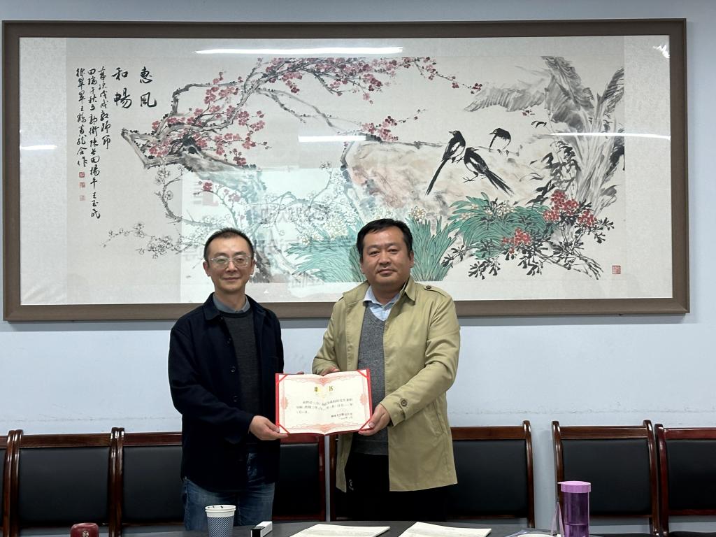 会后聊城大学美术与设计学院院长张兆林为王鹤副院长颁发兼职研究生导师聘书。
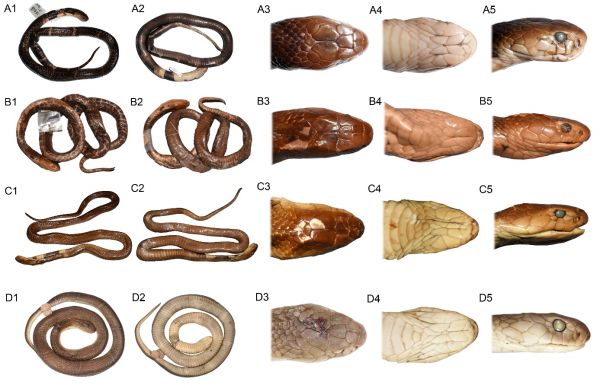 图2 不同眼镜蛇体型和头型的区别。A:舟山眼镜蛇;B:南亚地区的孟加拉眼镜蛇;C:东南亚地区的孟加拉眼镜蛇;D:西南眼镜蛇。图片引自(Shi et al., 2022)
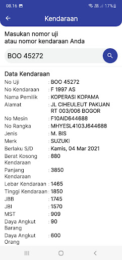 Aplikasi yang dapat membantu pemilik kendaraan umum atau angkutan barang untuk memberikan kemudahan dalam proses pemeriksaan serta proses administrasi seputar pengujian kendaraan bermotor :
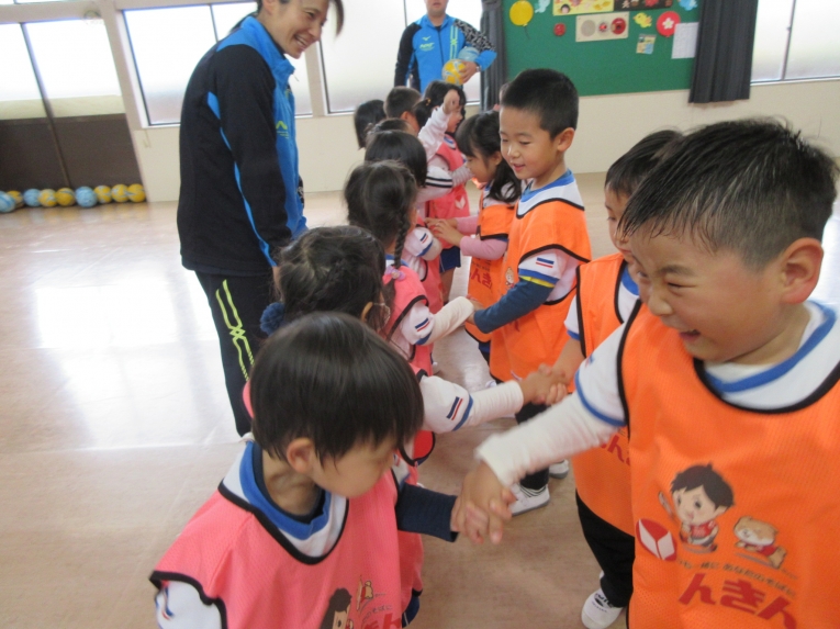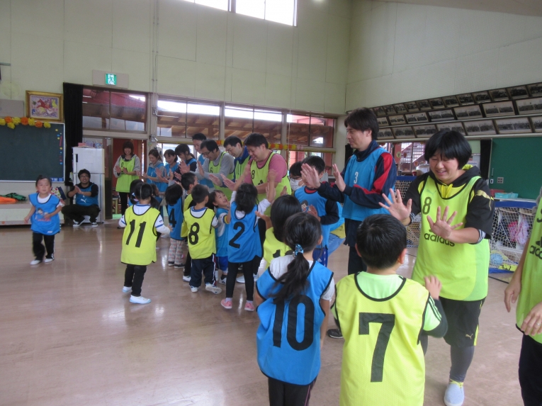 こぼれ球をシュートし、かっこいい姿を見せてくれたK君!拍手があがりました最後はみんなでタッチ!楽しかったですね!
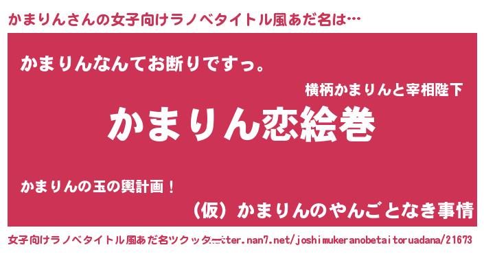 | 男性向けラノベタイトル風あだ名 | 『ノーゲーム・ノーカマリン』 |
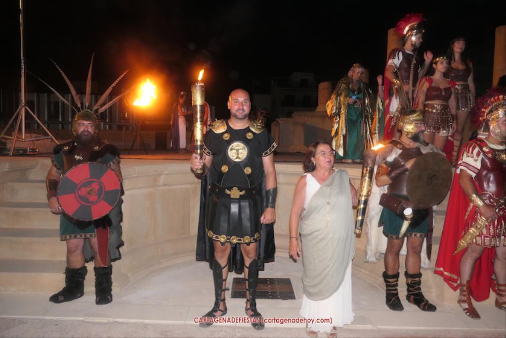 Los dos exfutbolistas, quienes han dejado huella en el fútbol cartagenero, fueron los últimos portadores de las dos llamas sagradas en su primera escala en la ciudad, que después continuó, con otros protagonistas, en el Foro y el Teatro Romano, en una jornada con novedades en la puesta en escena y retraso en los tiempos fijados.

=====

> **EXERCISE PROMPT**: For this exercise, copy each line of the data above exactly, from the first through the line containing "et al., 2022)", and drop the pictures.

> **ANSWER TO THIS EXERCISE**:
 会后聊城大学美术与设计学院院长张兆林为王鹤副院长颁发兼职研究生导师聘书。
 图2 不同眼镜蛇体型和头型的区别。A:舟山眼镜蛇;B:南亚地区的孟加拉眼镜蛇;C:东南亚地区的孟加拉眼镜蛇;D:西南眼镜蛇。图片引自(Shi et al., 2022)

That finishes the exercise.